All the lines below need to be output exactly, apart from any images.

**Supplied material:**
===============

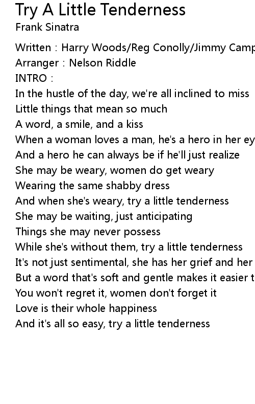 | And when she's weary, try a little tenderness | |
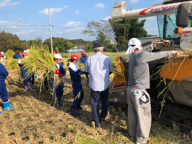 5年生が総合的な学習の時間の一環として稲刈りを実施しました。とてもよい秋晴れの中、汗を流しながら一生懸命に刈ることができました。刈った稲はすぐさまコンバインで脱穀し、作業が終わった後は全員が笑顔になりました。
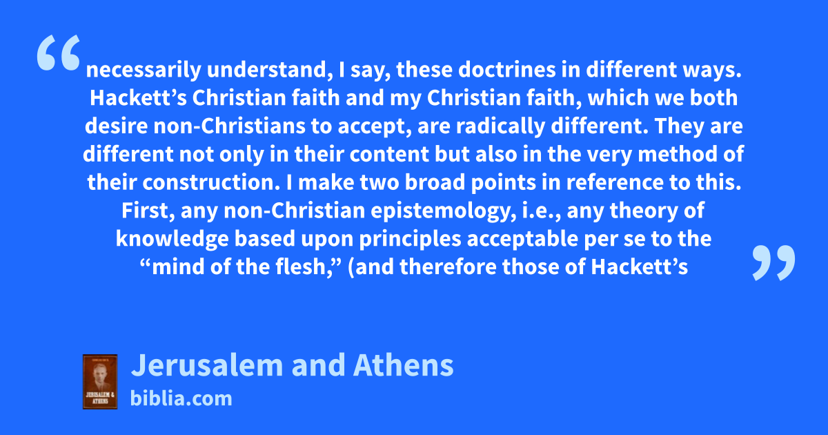 necessarily understand, I say, these doctrines in different ways. Hackett’s Christian faith and my Christian faith, which we both desire non-Christians to accept, are radically different. They are different not only in their content but also in the very method of their construction. I make two broad points in reference to this. First, any non-Christian epistemology, i.e., any theory of knowledge based upon principles acceptable per se to the “mind of the flesh,” (and therefore those of Hackett’s

===============

**Response to this exercise:**
 | And when she's weary, try a little tenderness | |
 5年生が総合的な学習の時間の一環として稲刈りを実施しました。とてもよい秋晴れの中、汗を流しながら一生懸命に刈ることができました。刈った稲はすぐさまコンバインで脱穀し、作業が終わった後は全員が笑顔になりました。
 necessarily understand, I say, these doctrines in different ways. Hackett’s Christian faith and my Christian faith, which we both desire non-Christians to accept, are radically different. They are different not only in their content but also in the very method of their construction. I make two broad points in reference to this. First, any non-Christian epistemology, i.e., any theory of knowledge based upon principles acceptable per se to the “mind of the flesh,” (and therefore those of Hackett’s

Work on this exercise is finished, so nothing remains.